I can’t really understand why and why for a couple of hours?
What is supposed to happen during that time?
You need password anyway to log on to these connections so without password no one gets inside (unless they use serial)!?
But it is probably easiest to make some kind of parent control of port 22, 80, 443 to make this work.
Listening port setting is useless way to block it.
SSH with mandatory private key authentication is still considered highly secure, or as secure as access to the private key is protected.
To prevent any SSH access to the router, use a firewall rule to block TCP input on port 22. The firewall system includes support for rules that enable and disable themselves based on the time of day.
Um , main router has 2 ports - I use one for LAN and other for guestLAN ( There are dumb APs on guestLAN so If I remove the cable and plug it into my Pc whole network over there goes down... )
...Anyways , I think I found where to add rules, does this look OK?

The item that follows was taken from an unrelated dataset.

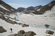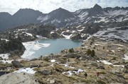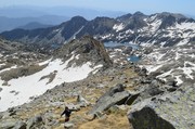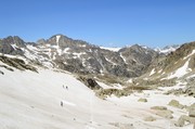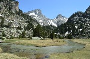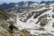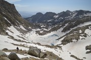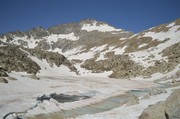 Per anar cap al coll de Monestero (queda al fons entre el Peguera i el Monestero) passem entre l'estanyol glaçat (a la dreta) i l'Estany de la Llastra
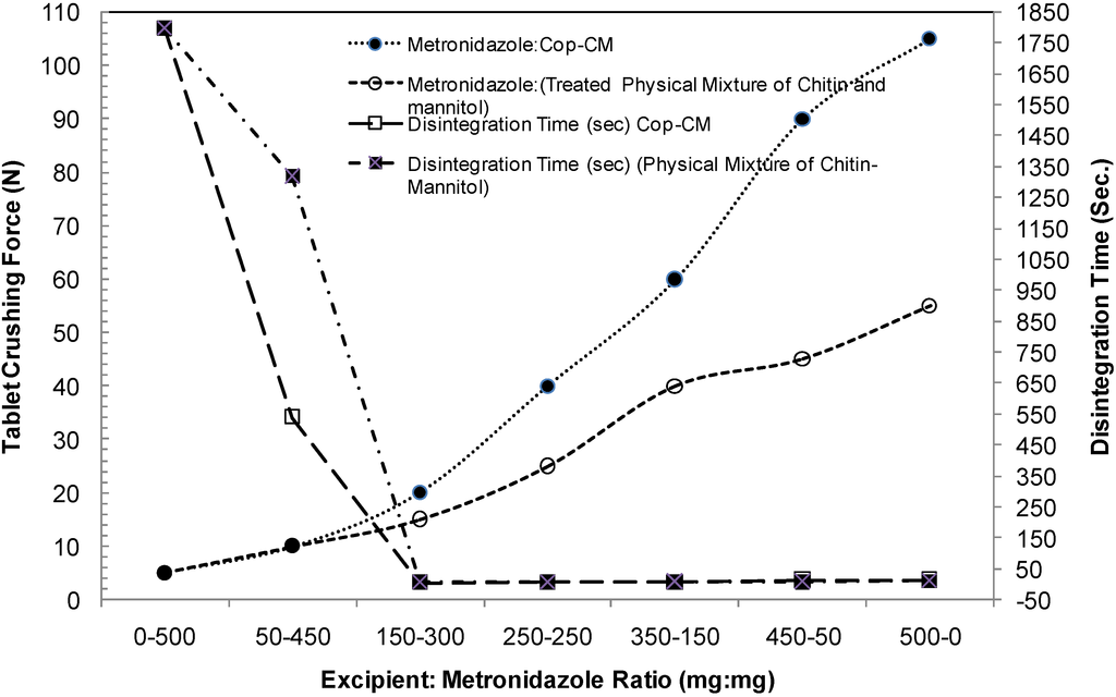 Relationship between tablet crushing force and disintegration time at different Cop–CM: metronidazole ratios using a physical mixture of chitin-mannitol (2:8, w/w) as a reference. Data are represented as the mean of n = 10. Cop–CM represents the co-processed chitin-mannitol (2:8 w/w) excipient.

ok... so the firewall rule you have defined should work... but if anything goes wrong with the clock, you could have a mess on your hands.
You could create a wifi only management network (with a really strong password) and maybe other 'tricks' to make it just a bit more difficult for a casual user to hop on (simple things like no DHCP server which would then require the client device uses a static IP, etc.).
keep in mind that you've set the start time as 22:00 and the end time as 20:00, so it'll only be accessible for 2h per day.
Also make sure your time zone is set correctly and that the clock is syncing properly with ntp.